TOKYO, Nov 25 (Reuters) - Benchmark Tokyo rubber futures rebounded from the previous day's loss on Wednesday as surging Shanghai futures and higher overnight oil prices lent support, although gains were capped below a key 160 yen ceiling due to nagging worries about oversupply, dealers said.
The Tokyo Commodity Exchange's new rubber contract for May delivery JRUc6 0#2JRU: finished at 158.1 yen ($1.29) per kg, up 1.7 yen, or 1.1 percent, from its opening price of 156.4 yen.
It fell more than 3 percent the previous day.

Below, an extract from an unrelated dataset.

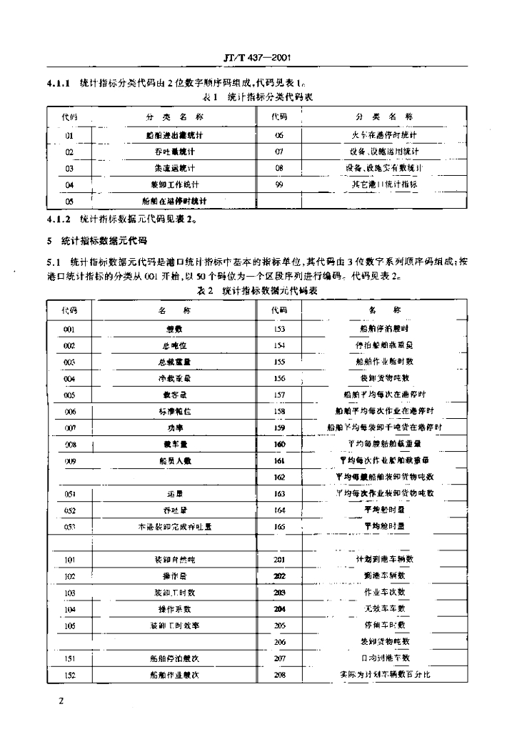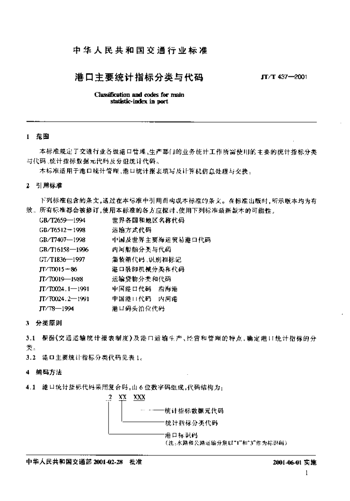 JT/T 437-2001 港口主要统计指标分类与代码

"Strong Shanghai rubber market backed by higher stock market helped ease investors' concerns over slowing demand in China," said Satoru Yoshida, a commodity analyst at Rakuten Securities.
The most-active rubber contract on the Shanghai Futures Exchange for January delivery SNRcv1 soared 550 yuan, or 5.4 percent, to finish at 10,775 yuan ($1,686.84) per tonne.

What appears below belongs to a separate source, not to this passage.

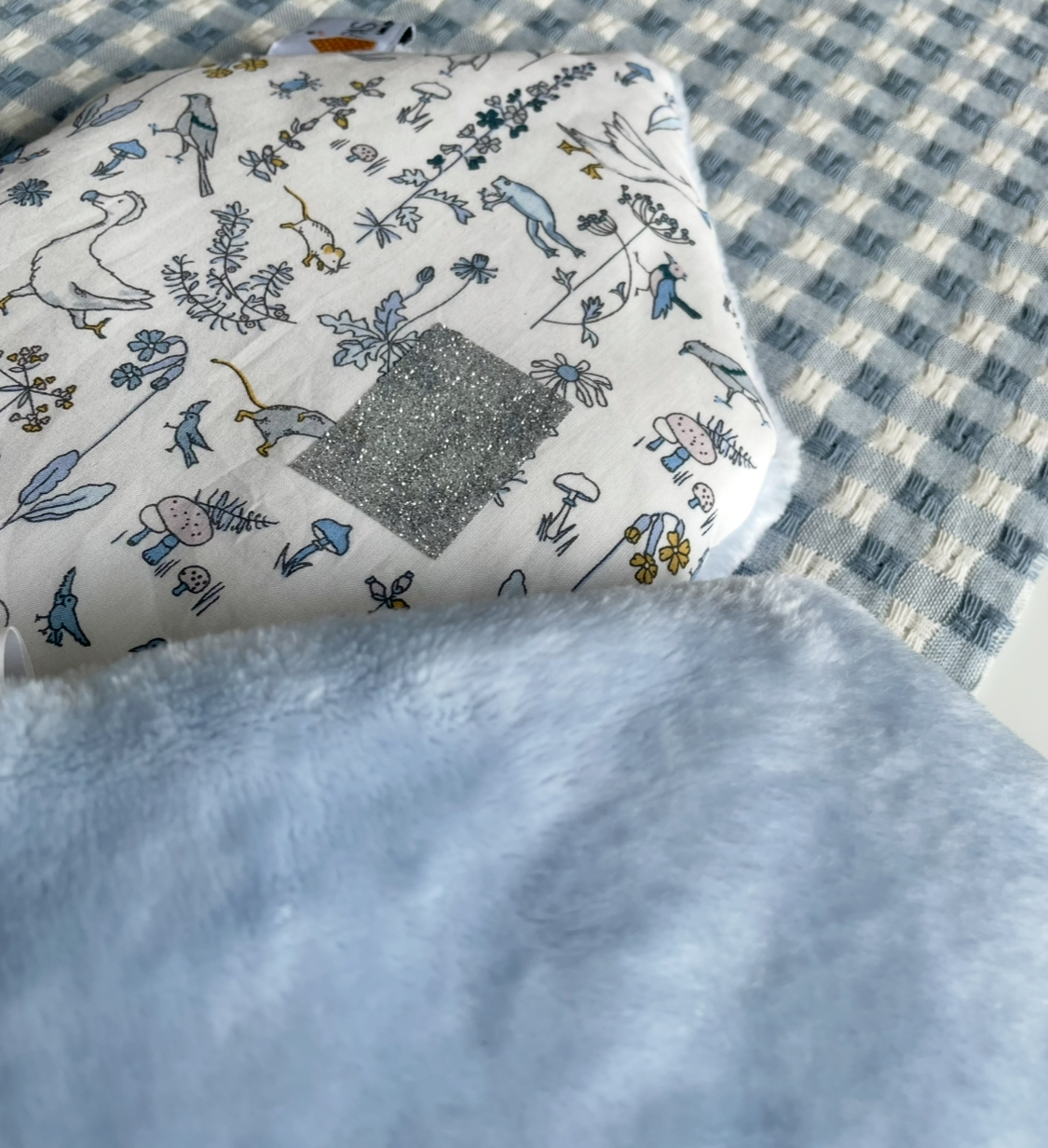 Les deux faces sont, comme toujours chez Pas si Sages…, différentes: une face en coton et l’autre en velours de polaire si doux, ou fourrure, ou teddy.

The CSI300 index .CSI300 of the largest listed companies in Shanghai and Shenzhen rose 0.7 percent to 3,781.61, while the Shanghai Composite Index .SSEC gained 0.9 percent to 3,647.93 points. .SS
On the upside, crude oil futures hit two-week highs in the previous session as tension mounted in the Middle East following Turkey's downing of a Russian warplane, although they eased on Wednesday. O/R
"The TOCOM rebounded today, but the price will likely remain under pressure unless we see some bullish fundamental changes such as demand pick-up in China," Yoshida said.
The front-month rubber contract on Singapore's SICOM exchange for December delivery STFc1 last traded at 114.8 U.S. cents per kg, up 0.3 cent.